Below are some records. Write out exactly their lines from the one with "This machine has" through the one with "Apartamento de obra", and leave the pictures behind.

> Task material
____________________
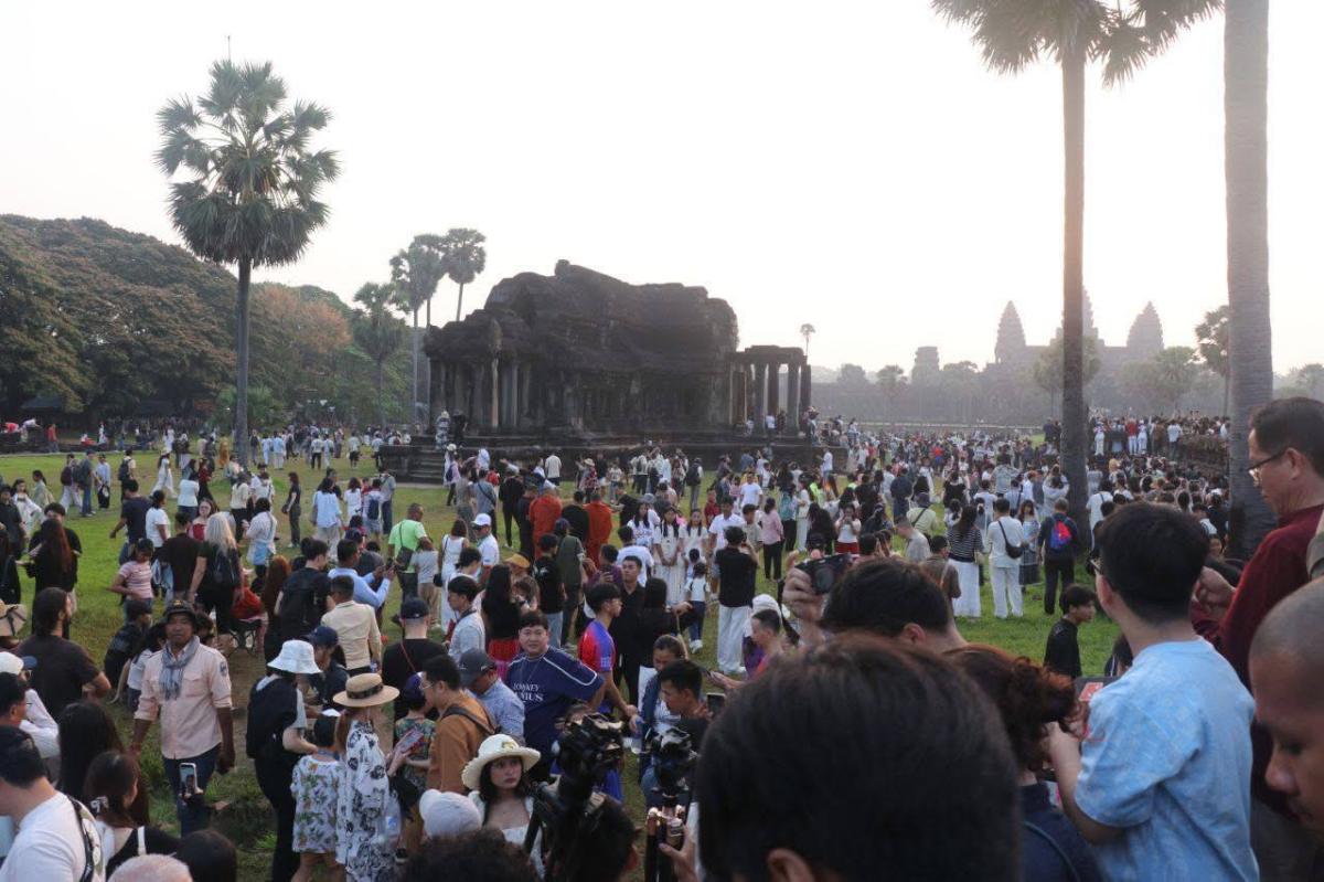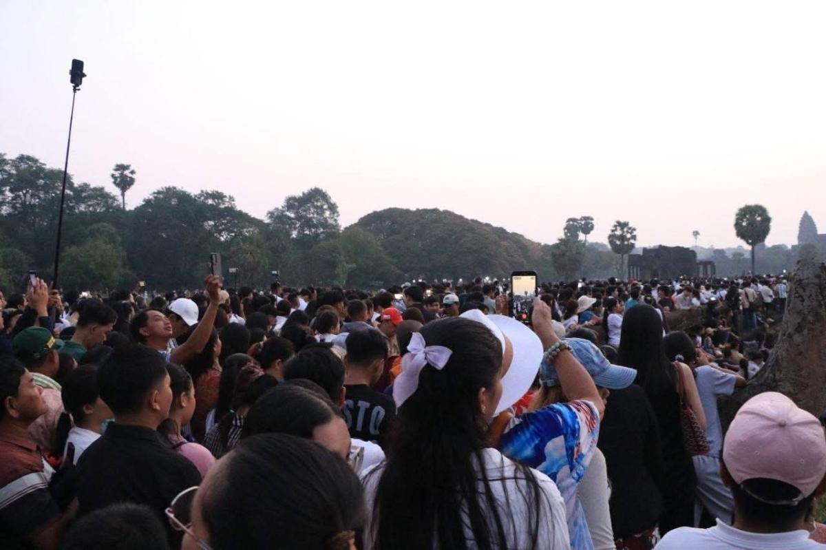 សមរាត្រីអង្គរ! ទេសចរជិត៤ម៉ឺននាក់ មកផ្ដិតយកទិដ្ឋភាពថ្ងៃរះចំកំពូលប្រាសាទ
____________________
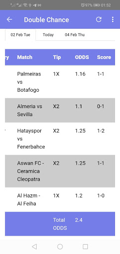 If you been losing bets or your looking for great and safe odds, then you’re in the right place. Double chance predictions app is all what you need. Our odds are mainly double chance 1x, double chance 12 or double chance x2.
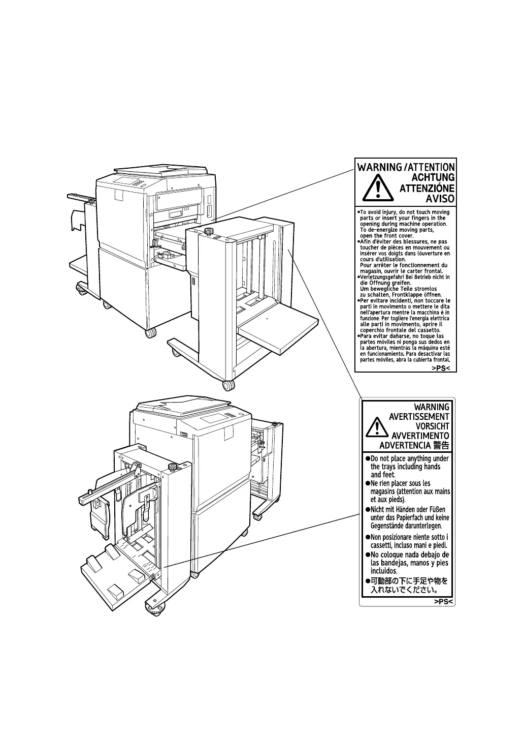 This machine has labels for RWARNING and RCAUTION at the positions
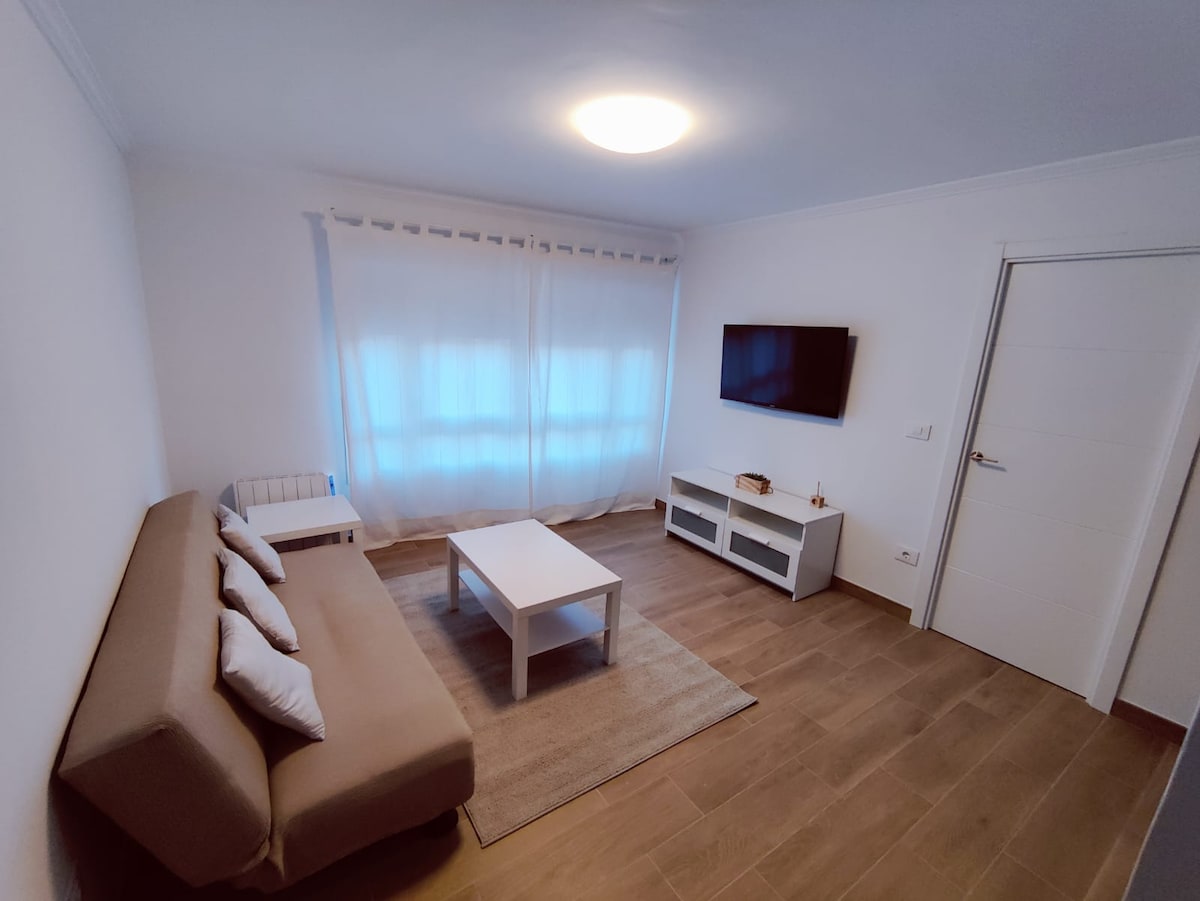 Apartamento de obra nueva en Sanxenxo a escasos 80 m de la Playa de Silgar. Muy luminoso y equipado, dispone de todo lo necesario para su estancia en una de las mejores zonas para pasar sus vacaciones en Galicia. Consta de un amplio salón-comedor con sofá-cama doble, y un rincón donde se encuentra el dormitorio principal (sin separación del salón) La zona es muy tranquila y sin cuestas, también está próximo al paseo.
____________________
> Answer to the exercise
 This machine has labels for RWARNING and RCAUTION at the positions
 Apartamento de obra nueva en Sanxenxo a escasos 80 m de la Playa de Silgar. Muy luminoso y equipado, dispone de todo lo necesario para su estancia en una de las mejores zonas para pasar sus vacaciones en Galicia. Consta de un amplio salón-comedor con sofá-cama doble, y un rincón donde se encuentra el dormitorio principal (sin separación del salón) La zona es muy tranquila y sin cuestas, también está próximo al paseo.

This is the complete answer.